Privacy by default > privacy options > no privacy options
I continue to be disappointed by the attacks being made on excellent software like Signal. But frankly, even attacks on Telegram are a little annoying. Yes, I see my hypocrisy here. I just criticized Zoom, Ring, Telegram, and X for not enabling privacy and security by default, but really, I’m more likely to use those products than many of their competitors who don’t even have options for privacy. They’re miles ahead. Zoom, for example, at least has the option of end-to-end encrypted video conferences whereas Google Meet and others do not.
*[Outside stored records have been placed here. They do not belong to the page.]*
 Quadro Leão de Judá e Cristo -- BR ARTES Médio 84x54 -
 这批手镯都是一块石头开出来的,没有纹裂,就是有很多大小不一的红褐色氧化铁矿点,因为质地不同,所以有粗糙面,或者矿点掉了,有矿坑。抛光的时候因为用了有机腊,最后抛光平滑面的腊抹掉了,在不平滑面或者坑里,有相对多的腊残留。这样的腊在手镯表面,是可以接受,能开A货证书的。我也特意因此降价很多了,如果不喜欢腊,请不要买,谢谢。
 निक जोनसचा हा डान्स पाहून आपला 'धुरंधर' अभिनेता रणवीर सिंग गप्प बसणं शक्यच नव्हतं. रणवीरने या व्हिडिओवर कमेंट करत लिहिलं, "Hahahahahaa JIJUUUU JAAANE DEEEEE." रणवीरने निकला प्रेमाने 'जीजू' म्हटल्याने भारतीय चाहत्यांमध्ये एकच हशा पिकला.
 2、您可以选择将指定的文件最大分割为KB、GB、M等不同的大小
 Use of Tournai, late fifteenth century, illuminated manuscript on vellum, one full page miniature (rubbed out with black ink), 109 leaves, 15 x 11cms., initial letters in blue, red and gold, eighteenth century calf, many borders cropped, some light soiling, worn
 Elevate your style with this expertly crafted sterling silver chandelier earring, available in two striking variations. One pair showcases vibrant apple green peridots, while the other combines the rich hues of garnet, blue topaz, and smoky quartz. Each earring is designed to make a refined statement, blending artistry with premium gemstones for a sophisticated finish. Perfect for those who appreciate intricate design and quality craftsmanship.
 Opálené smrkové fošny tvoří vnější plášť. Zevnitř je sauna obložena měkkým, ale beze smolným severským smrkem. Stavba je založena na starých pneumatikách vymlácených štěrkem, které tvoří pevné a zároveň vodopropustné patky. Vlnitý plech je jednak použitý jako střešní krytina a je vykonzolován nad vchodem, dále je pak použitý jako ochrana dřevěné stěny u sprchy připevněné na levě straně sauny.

We all want better security and privacy. Ultimately, we all want perfect security and privacy. But perfect can be the enemy when engineering teams feel immediate perfection is too costly and difficult. This ignores the incredible reductions in risk and improvements to privacy that can come as companies embark on the path towards more private systems. Incremental progress is important progress. For example, although end-to-end encryption is always preferred from a privacy standpoint, server-side application-layer encryption with per-user (or per-customer) keys can still protect against insiders peeking at data, which is way better than most cloud software. I’d be happy to see more companies doing that.
Incremental progress is important progress.
When we take aim at the best security in the industry and point at ways that it falls short of our ideals, we shoot ourselves in the foot. Yes, we want even better and that’s okay, but we have to acknowledge that the minimum bar right now is no bar at all. Perfect privacy and security is often extremely difficult in a world of interconnected systems and collaboration.
This Signal vs. Telegram “crypto war” is a side show. The real war is in fighting against apps that don’t have reasonable encryption at all.